Estrogen dominance (too much estrogen, relative to too little progesterone) has been proven to decrease libido in women and inhibit ovarian function. Reduced ovarian funtion can also lead to low progesterone and low testosterone levels in women. Testosterone is primarily a male hormone but is also present in the female body and, like progesterone, plays an important role in a healthy libido.

In clinical studies, women who have low thyroid function also have low levels of progesterone, while still having normal to high levels of estrogen. Because progesterone has been shown to be essential in helping our cells retain zinc and potassium,   elements necessary for the thyroid to create T3, thyroid dysfunction is often caused by low progesterone.

Progesterone facilitates the thyroid hormone according to Dr.
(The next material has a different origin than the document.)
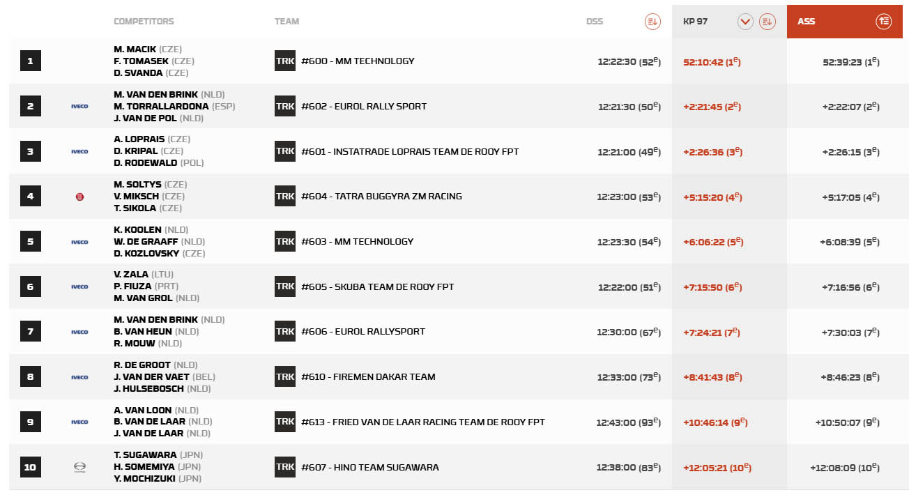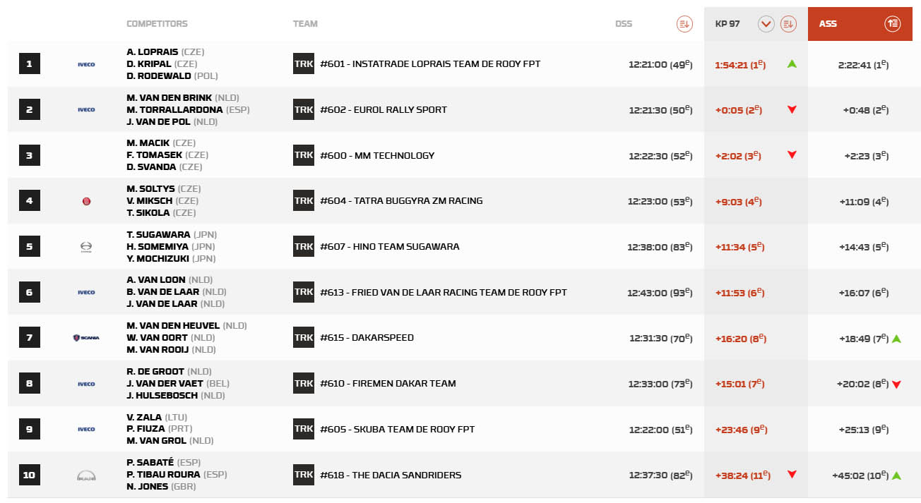 Στην κατηγορία των φορτηγών, ο Τσέχος Ales Loprais συνέχισε τις νίκες με το Iveco, αλλά κέρδισε μόλις 48 δλ. από τον Ολλανδό Mitchel van den Brink στη γενική κατάταξη, όπου τους χωρίζουν μόλις 4:07” στη μάχη για τη 2η θέση, καθώς ο Martin Macik (MM Technology) βρίσκεται 2 ώρες και 22 λεπτά μπροστά.

Ward Dean, M.D., thus, promoting normal thyroid function and normal metabolism.  Conversely, xeno-estrogens are an antagonist to thyroid function, being a primary cause of low thyroid, weight gain and chronic fatigue.  Understanding how the body functions is the first step to understanding how we can heal the underlying causes for health problems that rob us of optimal health and well-being.

 

Sources of Progesterone

At ovulation, one of the ovaries releases an egg and progesterone, which is responsible for the surge in female libido.  This only stands to reason, as the released egg now requires a sperm for fertilization, thus the increase in libido.  Progesterone also balances the side effects of unopposed estrogen.  Women who fail to make a sufficient amount of progesterone during the progesterone phase of their menstrual month (days 14-28) have found that a natural, plant-based, bio-identical progesterone cream will restore optimal levels and address the underlying symptoms of PMS/PMT, infertility, osteoporosis and difficult menopause.

What Blocks Progesterone?

Under the influences of environmental estrogens, petrochemicals, stress, and menopause, progesterone production ceases or is suppressed and the effects of Estrogen Dominance, can be observed.
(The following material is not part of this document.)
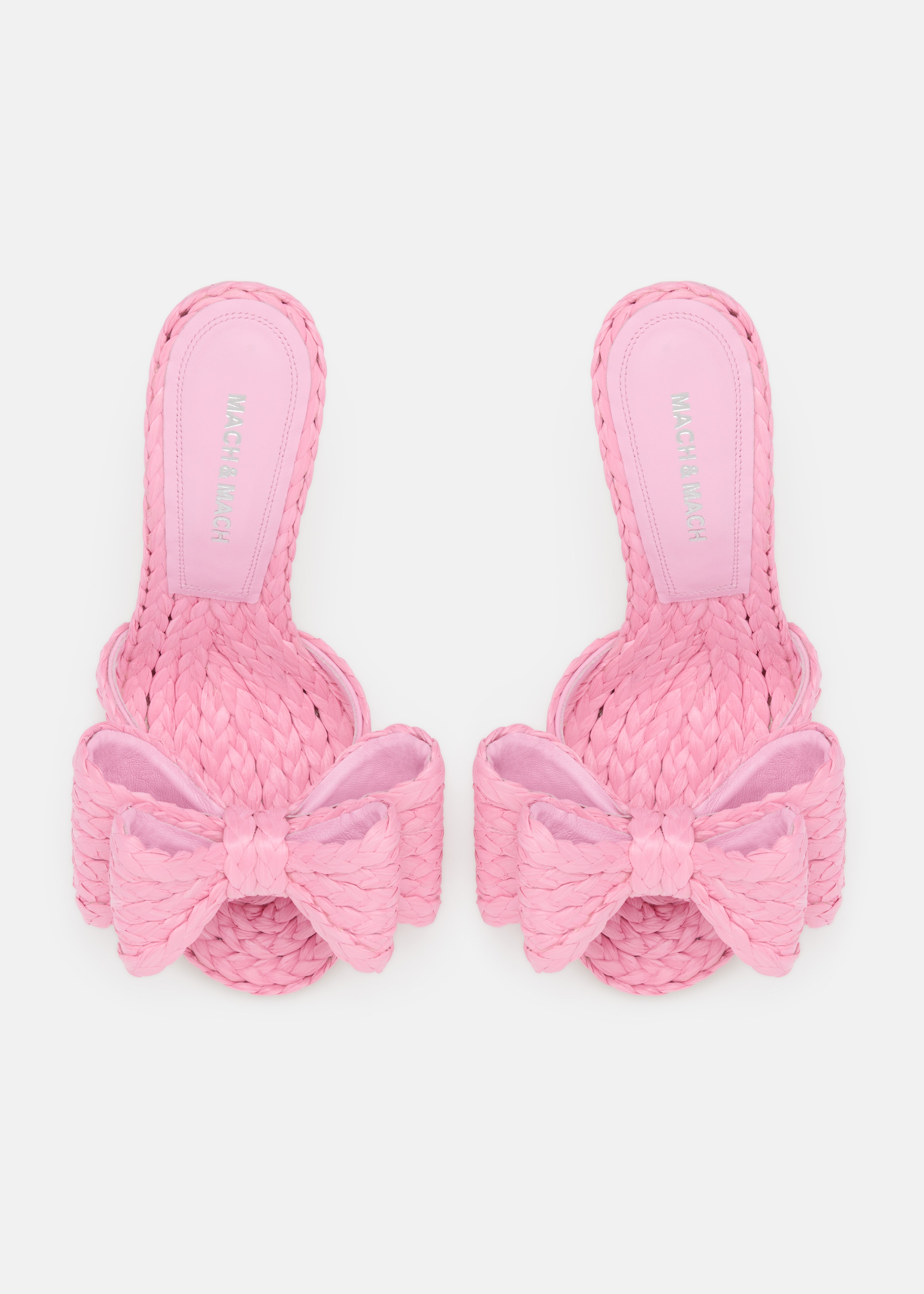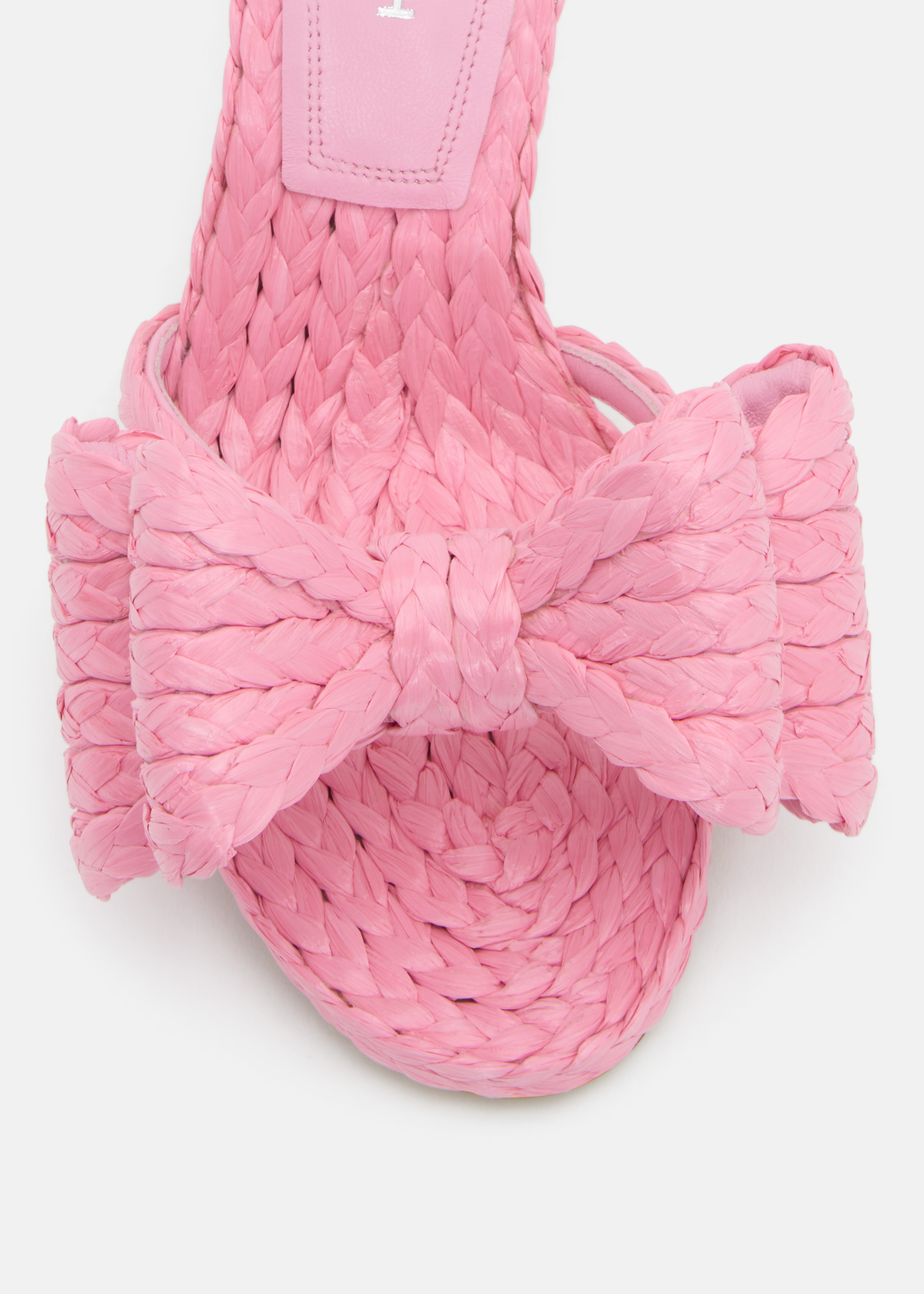 Le Cadeau Braided Pink Raffia Mules feature a playful braided raffia upper in a soft pink tone set on a round-toe silhouette. Set on an 85mm heel, they bring effortless lift and texture, crafted in Italy with kid leather lining and a calf leather sole. Pair them with a Double Bow Samantha Handbag for a polished look that moves easily from daytime celebrations to evening plans.

Most women experience loss of libido, mood swings, irritability, anger, depression, headaches and weight gain from the lack of progesterone that is also required for proper thyroid function. Bio Identical, transdermal progesterone cream, applied topically to the face, neck, arms, chest and fatty tissue areas of the body such as the breasts, the abdominal area, the buttocks, the inner thighs, etc., is stored in these fatty tissues for use as required by the body.

Suggested Use

Symptoms of Estrogen Dominance

Too much estrogen, relative to insufficient progesterone, will almost always plague you with the following (and more):

  • Increased Body Fat
  • Depression
  • Migraine Headaches
  • Blood Sugar Irregularities
  • Excessive Blood Clotting Reduced       Vascular Tone
  • Endometriosis
  • Infertility
  • Interference with Thyroid Function
  • Loss of Libido (Sex Drive)
  • Anger, Rage
  • Uterine Cramping
  • Water Retention
  • Loss of Zinc, Retention of Copper
  • Increased Risk of Breast Cancer
  • Increased Risk of Ovarian Cancer
  • Increased Risk of Endometrial  Cancer
  • Restraint of Osteoclast Function (bone loss)
  • Reduced Oxygen in All Cells (Foggy Brain)
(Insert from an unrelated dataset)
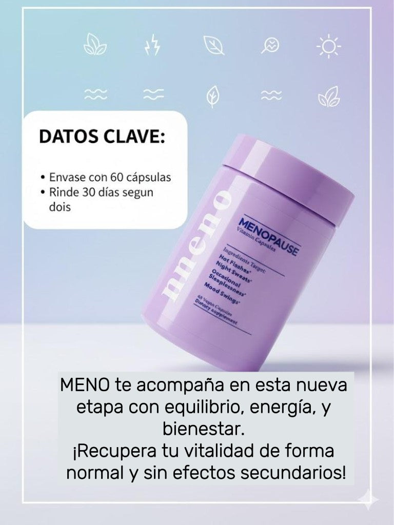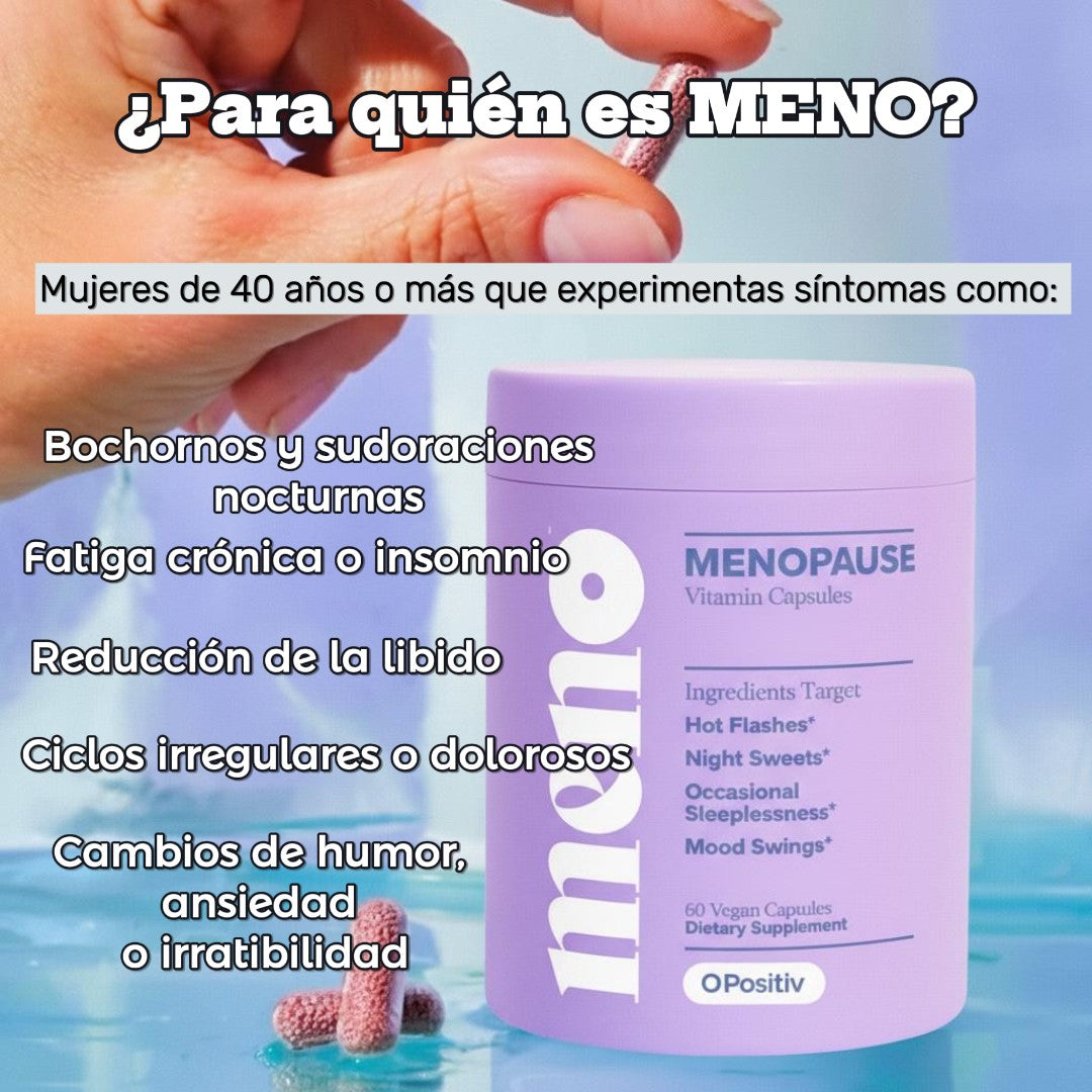 MENO es un suplemento dietético formulado para ofrecer un alivio integral y natural de los síntomas asociados a la menopausia y perimenopausia

It is also important that we distinguish Natural Progesterone from its counterparts in the drug industry – Progestins. Although these drugs are commonly referred to as “progesterone”, this is a serious misnomer.

In some ways progestins mimic the effects of natural progesterone in the body, but in other important ways they gravely interfere with the production and healthy activity of natural progesterone and can create and exacerbate all hormone related health problems, and be a primary contributor to Estrogen Dominance.

Traditional Treatments for PMS

Traditional treatments have included tranquilizers, diuretics, dietary changes, thyroid supplements, herbs, vitamins, exercise, acupuncture and psychiatric counseling. While these may provide some easing of symptoms, the underlying causes remain.